The High Court has found that the Bank of New Zealand was not engaged in tax evasion by channelling investments through the Cook Islands tax haven in the 1980s.
Failure to win could have cost the bank more than $180 million.
However, Inland Revenue is to appeal against the verdict in what was a test case relating to redeemable preference share investments.
The case was not related to the controversial Winebox deals that were the subject of a commission of inquiry in the mid-1990s.
In September 1988, BNZ subsidiary BNZ Investments made a series of redeemable preference share investments in a scheme initiated by Capital Markets Ltd, a subsidiary of merchant bank Fay Richwhite.
Preference shares entitle a shareholder to payments ahead of other shareholders when it comes to receiving dividends or in the event of a liquidation.
The money from the investments was deposited through a complex web of companies and transactions with overseas banks. Interest was returned to the BNZ as tax-exempt dividends.
Inland Revenue deemed that the scheme was set up to avoid tax and so treated the dividends as taxable. It assessed the unpaid tax at $135.7 million, plus additional tax of $44 million, and was also seeking interest since 1989.

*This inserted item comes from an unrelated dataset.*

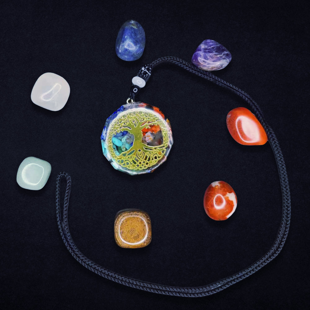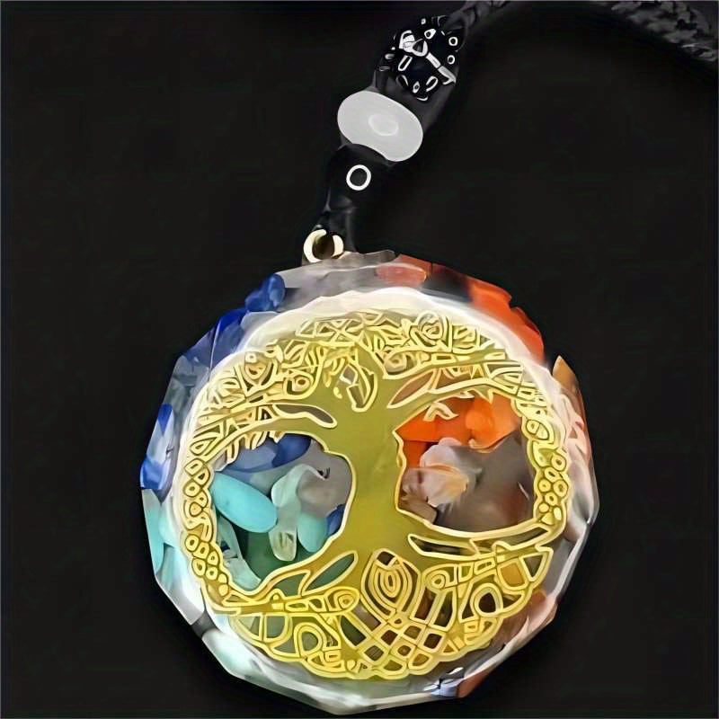 Enhance your style with this set of 8 colorful vintage natural crystal tree round pendant necklaces. Perfect for yoga, meditation, and as art craft accessories.

After deregulation of financial markets in 1984, investment in redeemable preference share schemes became common, because of a tax loophole. By 1987 the BNZ had $500 million invested in schemes of that type.
In September 1988, the BNZ invested in such a scheme arranged by Capital Markets. The BNZ said it did not know the details of the scheme as Capital Markets was secretive.
The main issue of the case was whether the deal should be seen as one arrangement or two, that is, whether the BNZ should be taxed on the basis of what Capital Markets did, even though it did not know what that was.
In the High Court at Wellington, Justice McGechan concluded that the Capital Markets scheme was all about tax avoidance, but the part the bank knew about was not.
John Fogarty, QC, for the Inland Revenue Department, argued that the arrangement was all one. The redeemable preference share market was built on the exploitation of tax losses, and even if the BNZ were unaware of the details of the scheme, it would have known that.
But Justice McGechan preferred the BNZ's argument that it could not be dragged into a multistep arrangement it did not know about.
Alan Galbraith, QC, argued for the BNZ that the transactions it had carried out were routine and it had good grounds to believe CML would be involved in conventional preference share investments.
On the deal as a whole, said Justice McGechan, there was no reason for the complicated structure except to avoid tax. Indeed, tax avoidance was necessary if the whole scheme were to work.
But from the BNZ's perspective, the scheme was about preference share dividends which were legally tax exempt. The BNZ was not getting a tax advantage but an economic advantage, and the two were not the same, the judge said. He found in favour of the BNZ but reserved his position on costs.